Иная позиция обнаружена А.Г. Карапетовым у весьма немногих правопорядков, например, в шотландском праве.

Он пишет: «Так, в Шотландии до сих пор среди юристов нет четкого консенсуса по вопросу о том, является ли требование о возврате по расторгнутой сделке обычным случаем возврата неосновательного обогащения в рамках law of unjust enrichment или представляет собой особое право, основанное на идее о недопустимости неосновательного обогащения, в рамках law of contract19. В отчете Юридической комиссии (Law Commission) Шотландии указывается, что лучше оставить определение баланса интересов сторон при расторжении договора на откуп хорошо разработанным нормам о неосновательном обогащении, в то время как нормы договорного права просто не содержат подробного и адекватного регулирования, которое могло бы заполнить образующийся вакуум и разрешить крайне сложные вопросы, возникающие при возврате полученного по расторгнутому договору и определении денежного эквивалента. В то же время в литературе можно встретить мнение, что более разумным было бы включение особых норм, специально предназначенных для регулирования и отражающих специфику реституции по расторгнутым сделкам, в рамки договорного права (law of contract), в то время как по всем остальным вопросам следовало бы сделать отсылку к общим нормам правового регулирования неосновательного обогащения (law of unjust enrichment)»20.

Рассмотрев обе модели, представленные за рубежом, А.Г. Карапетов полагает, что и в российском праве базовой теоретической конструкцией, опосредующей отношения сторон расторгнутого договора, должно быть неосновательное обогащение.

При этом ему известно справедливое опасение С. Миллера в отношении того, что нормы о неосновательном обогащении в странах, принимающих универсальную клаузулу неосновательного обогащения (например, Германия или Россия), а не формирующих применительно к различным видам кондикции отдельную группу норм (например, Англия), не могут учесть всю специфику возврата по расторгнутому договору21

Реагируя на этот довод, А.Г. Карапетов остаётся верен конструкции неосновательного обогащения, но предлагает, чтобы в данном институте выделялись специальные особенности при различных случаях неосновательного обогащения.
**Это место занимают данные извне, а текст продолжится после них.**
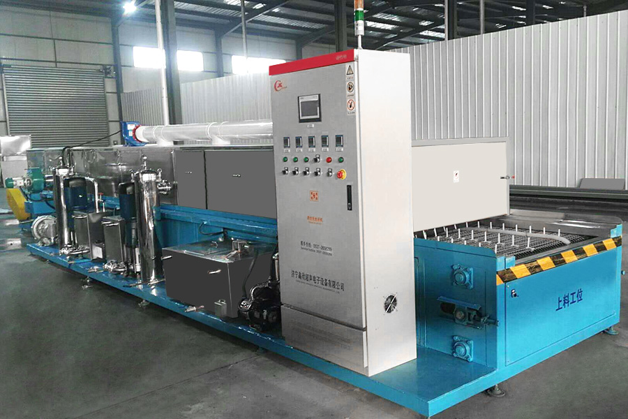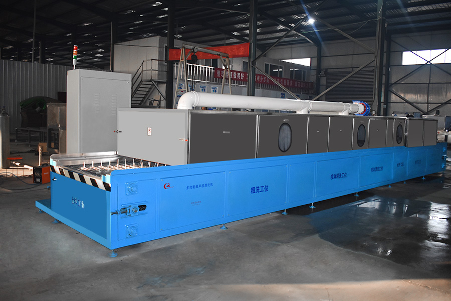 該設(shè)備有上下料網(wǎng)帶、超聲波清洗工位、噴淋漂洗工位、高壓風(fēng)切、熱風(fēng)烘干工位、溫控水加熱系統(tǒng)、風(fēng)機(jī)、溫控空氣加熱系統(tǒng)、移動(dòng)式風(fēng)刀、PLC+觸摸屏控制系統(tǒng)、管路系統(tǒng)及智能電器控制系統(tǒng)等組成。自動(dòng)進(jìn)排液和自動(dòng)加溫系統(tǒng)完全實(shí)現(xiàn)了無(wú)人干預(yù),自動(dòng)運(yùn)行,很大程度上降低了工人的勞動(dòng)強(qiáng)度。先進(jìn)的霧氣處理系統(tǒng)可以將清洗時(shí)產(chǎn)生的霧氣冷凝回流,空氣經(jīng)過(guò)濾和活性炭吸附后排出。
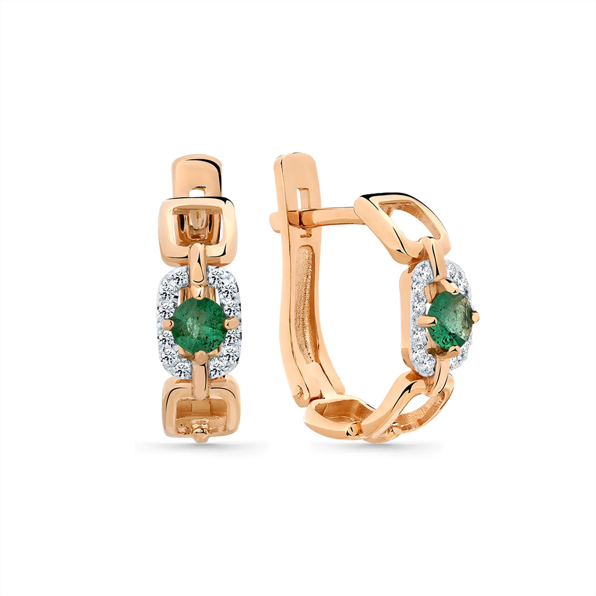 Золотые серьги Мастер Бриллиант с бриллиантом и изумрудом 01M2-109058-01-01
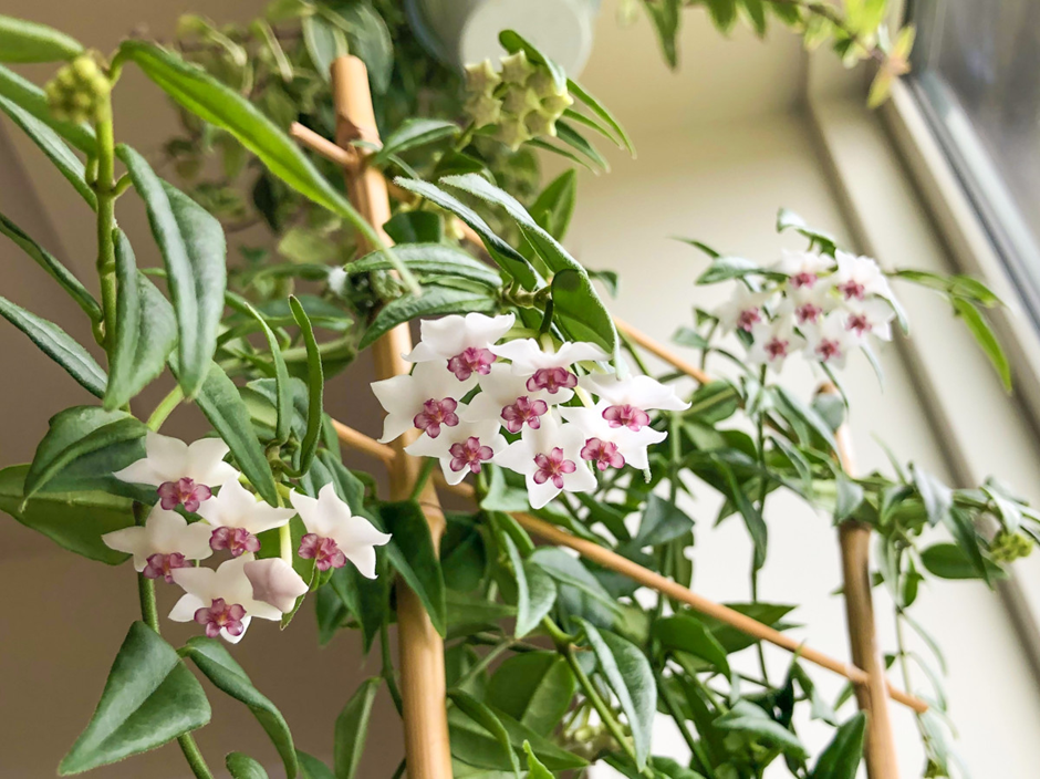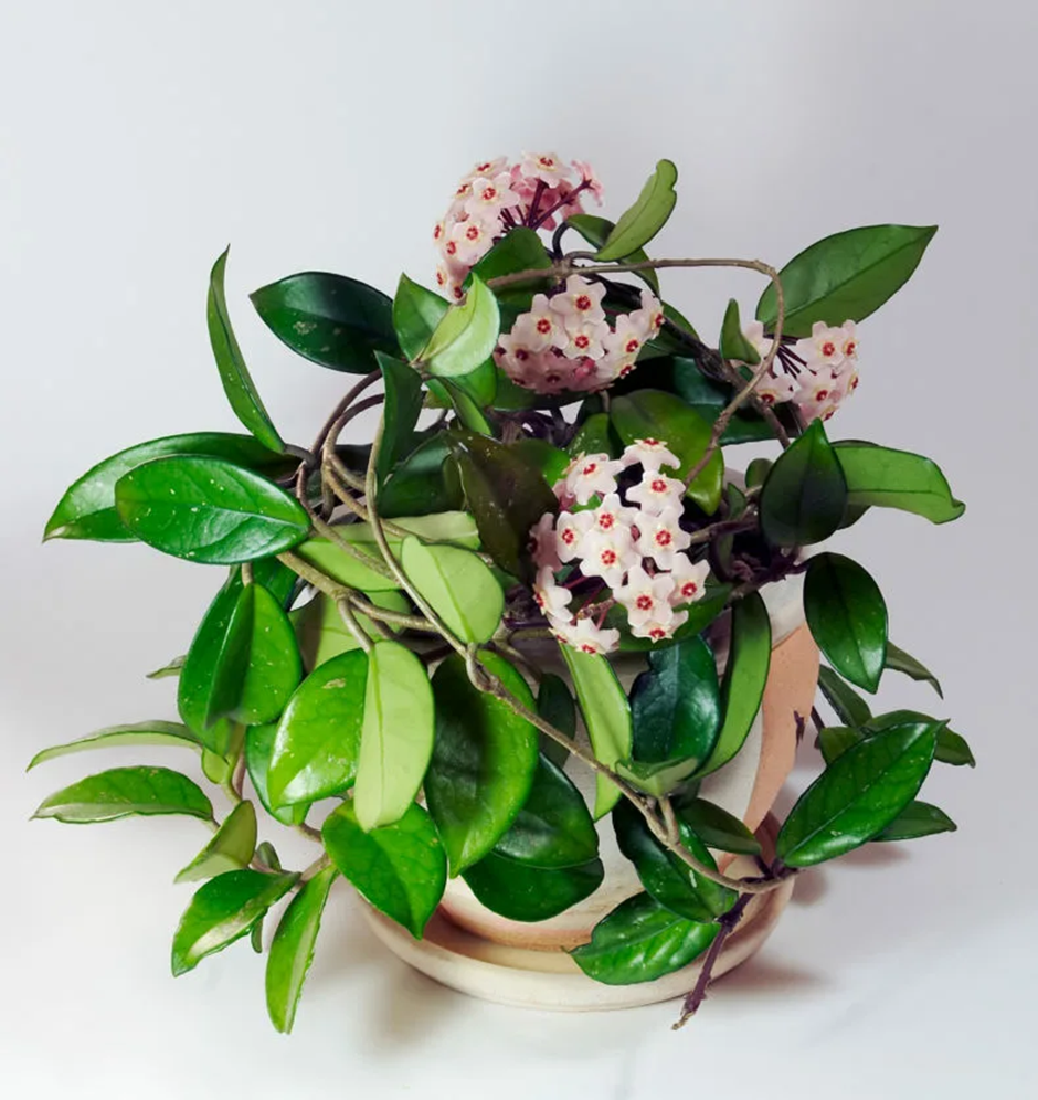 Компактная и нежная, с тонкими свисающими побегами и мелкими листьями. Цветёт белыми звёздчатыми цветками с розовой серединкой, собранными в мини-зонтики. Удивительно, но, несмотря на скромный размер, она способна цвести несколько раз в год. В списке декоративных комнатных растений британского Королевского садоводческого общества хойя белла входит в число самых надёжных видов для дома.

И помимо этого, в ГК РФ могли бы включаться отдельные блоки норм, касающихся некоторых реституционных требований, требующих особого подхода (в первую очередь реституции по расторгнутому в связи с нарушением договора).

С этой точки зрения, если принять наши доводы против концепции неосновательного обогащения, которые будут изложены ниже, надо полагать, между нашими позициями с А.Г. Карапетовым не пролегает непреодолимой пропасти: в конечном итоге они приходят к близким результатам, тем более, что указанный учёный, как и мы, стремится не столько к абстрактно-теоретическим построениям, сколько к созданию теории, пригодной для практических потребностей участников оборота. Как справедливо указывается им, «основная проблема, над которой следует задуматься, состоит не столько в определении оптимальной таксономии и подборе оптимального понятия, сколько в решении практических вопросов, возникающих при применении норм о неосновательном обогащении к реституции по расторгнутым сделкам. При любом подходе к правовой квалификации реституционного требования при расторжении принципиально, чтобы право адекватным образом отразило специфику данного требования, которая в ряде случаев не укладывается в рамки нормативного регулирования неосновательного обогащения…»22.